People v. Charles J.

73 A.D.2d 322, 425 N.Y.S.2d 978, 1980 N.Y. App. Div. LEXIS 10053
CourtAppellate Division of the Supreme Court of the State of New York
DecidedMarch 20, 1980
StatusPublished
Cited by3 cases

This text of 73 A.D.2d 322 (People v. Charles J.) is published on Counsel Stack Legal Research, covering Appellate Division of the Supreme Court of the State of New York primary law. Counsel Stack provides free access to over 12 million legal documents including statutes, case law, regulations, and constitutions.

Bluebook
People v. Charles J., 73 A.D.2d 322, 425 N.Y.S.2d 978, 1980 N.Y. App. Div. LEXIS 10053 (N.Y. Ct. App. 1980).

Opinions

OPINION OF THE COURT

Sullivan, J.

At issue is the legality of a search predicated upon the transfer of a single glassine envelope, approximately one to one and one-quarter inches long by one-half to five-eighths of an inch wide, in circumstances which indicated to a police officer surveying the exchange that a sale of heroin had taken place. Certain uncontroverted facts were established at the suppression hearing.

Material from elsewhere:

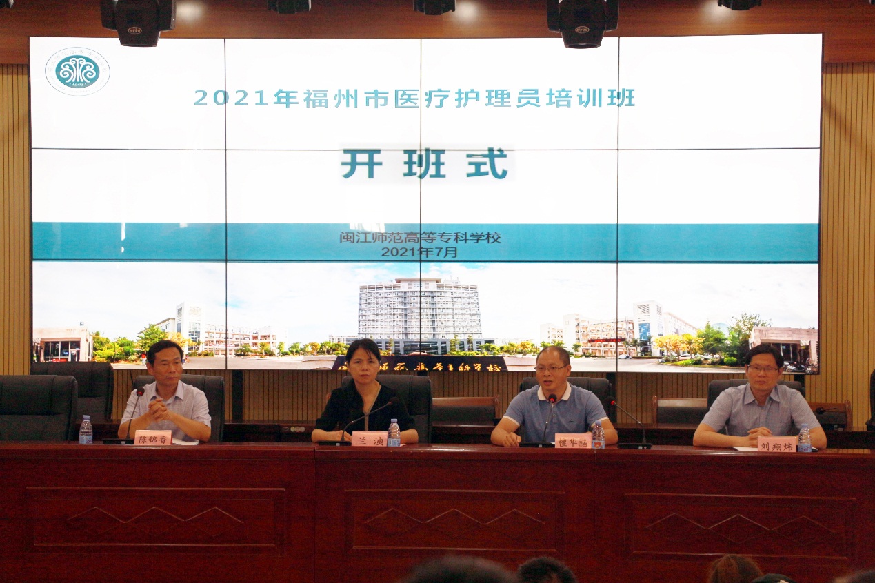 7月5日上午,2021年福州市医疗护理员线下培训班开班仪式在闽江师范高等专科学校福清校区信息楼四楼学术厅举行。闽江师范高等专科学校继续教育中心主任兰浈,闽江师范高等专科学校医护学院院长刘翔炜、福州市卫健委医政处处长檀华楷、闽江师范高等专科学校医护学院副书记陈锦香、带教老师及130名学员参加了会议。会议由刘翔炜院长主持,兰浈主任致欢迎词。

On the afternoon of February 26, 1977, at approximately 1:30 p.m., Police Officers Gerrish and Evans stationed themselves on the second floor of an abandoned building at 300 West 128th Street and, using binoculars, began observing the intersection of West 128th Street and 8th Avenue and the adjacent sidewalks. This intersection is within the 32nd precinct, to which the officers were assigned.

During the seven years that he had been assigned to the 32nd precinct Officer Gerrish had made approximately 100 arrests for narcotics violations, at least 75 of which had involved heroin. Of the heroin arrests 30 to 40 had taken place at the intersection of 128th Street and 8th Avenue, and he had made 25 to 30 arrests on his personal observations of transactions between individuals previously unknown to him. In addition, Officer Gerrish had received training in the recognition and packaging of narcotics at the police academy.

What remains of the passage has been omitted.